True Community



This week’s readings are all about community, or more specifically, being the community of God.
We hear in Exodus the foundational story of the Hebrew people. Each Passover the Deuteronomy version of this story is recited, retold in a way that invites those taking part in this meal to experience the story as if they are the ones being brought out of Egypt, out of slavery. It forms the identity of the Hebrew people as the ones God rescued from slavery, and the ones God continues to rescue from slavery. Even though this occurred over 3000 years ago, the liturgy that tells this story in Exodus recounts the events like it was yesterday. It invites those hearing it to consider what enslaves them now, and how God is liberating them. The Eucharist is our link in with this story, and it invites us to ask the same questions. What does it mean for us to be the people God rescues from slavery?
Paul would answer – everything. Paul wrote his letter to a deeply divided church in Rome, a church intensely wrestling with the issue of the place of the Mosaic Law in the life of the new community of God.

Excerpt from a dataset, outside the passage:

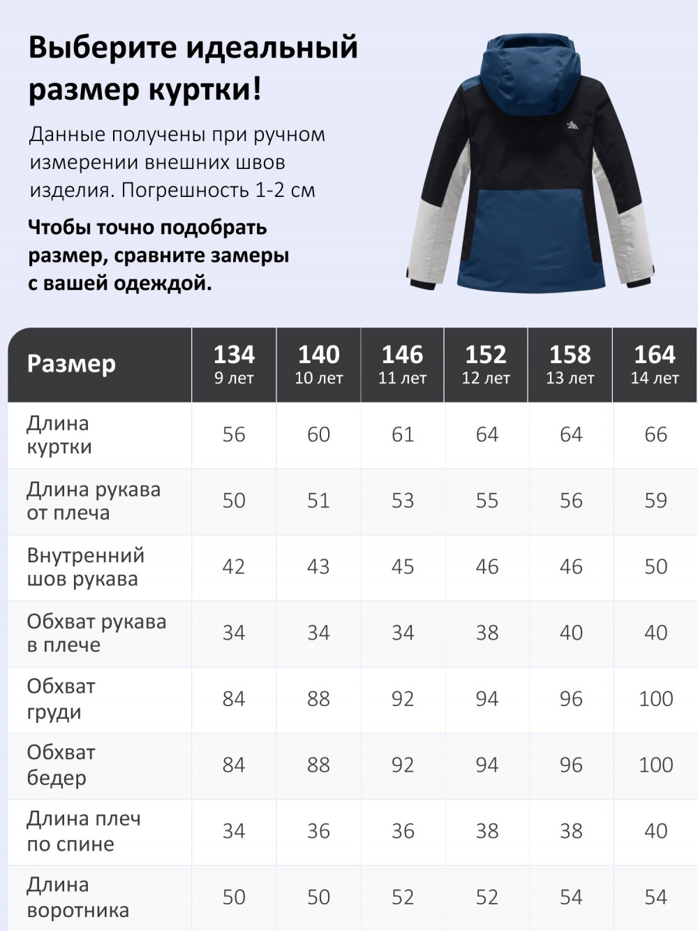 Размер Длина куртки Длина рукава от плеча Внутренний шов рукава Обхват рукава в плече Обхват груди Полуобхват бедер Длина плеч по спине Длина воротника

Despite those massive differences Paul pleads for a sense of deep commitment to each other. He looks for more than respect, or even good treatment. He longs for his hearers to love each other. A love born of the fact that we are all loved first by God, and our love comes in response to that: our love for God; our love for our brothers and sisters; and ultimately our love for all God’s people and all God’s creation.

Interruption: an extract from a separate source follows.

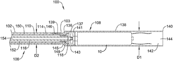 The outer tubular member 102 may extend distally from a proximal end 105. The proximal end 105 of the outer tubular member 102 may be positioned within the first hub portion 126. The outer tubular member 102 may include a lumen 150 extending from the proximal end 105 to a distal end 103 of the outer tubular member 102. The inner tubular member 110 may be slidably disposed within the lumen 150 of the outer tubular member 102. In some instances, the outer tubular member 102 may be coupled or affixed to the first hub portion 126 adjacent the proximal end 105 of the outer tubular member 102, although this is not required. It is contemplated that the outer tubular member 102 may be affixed to the first hub portion 126 at any longitudinal location desired.

Good community then has a common story that holds it together and gives it purpose. It is built on God’s deep love. The reading from Matthew deals with how to hold community together. It is about how to deal with conflict. He says we do that by dealing with it. Being in God’s community is about being committed to each other, as Paul said. And part of being committed is to be honest and address issues. Churches that tear themselves apart do not do so because there is conflict but because they are unwilling to deal with that conflict and work it through.
For me the key verse in this is Matthew 18:18 – which Mark Davis translates as “Truly I say to you, whatever [pl] you bind on the earth will be [what] has been bound in heaven and whatever you loose on the earth will be [what] has been loosed in heaven.”[1] We can read this to mean that what we do here on earth holds true for heaven too, and lots of people do read it that way. But a number of commentators suggest that this is better understood like the Lord’s Prayer, “your will be done on earth as in heaven”. What we do here on earth is to mirror  heaven. When we truly live out community we become signs of the reign of God. Real community happens when we are so committed to each other we can be honest with each other. And then we are to treat each other as Jesus treated tax collectors and gentiles – eating with them, blessing them, honouring them.
So how do we stack up? What can we learn about being community here at St. Georges? Here in Waiapu? As God’s church in Tauranga Moana?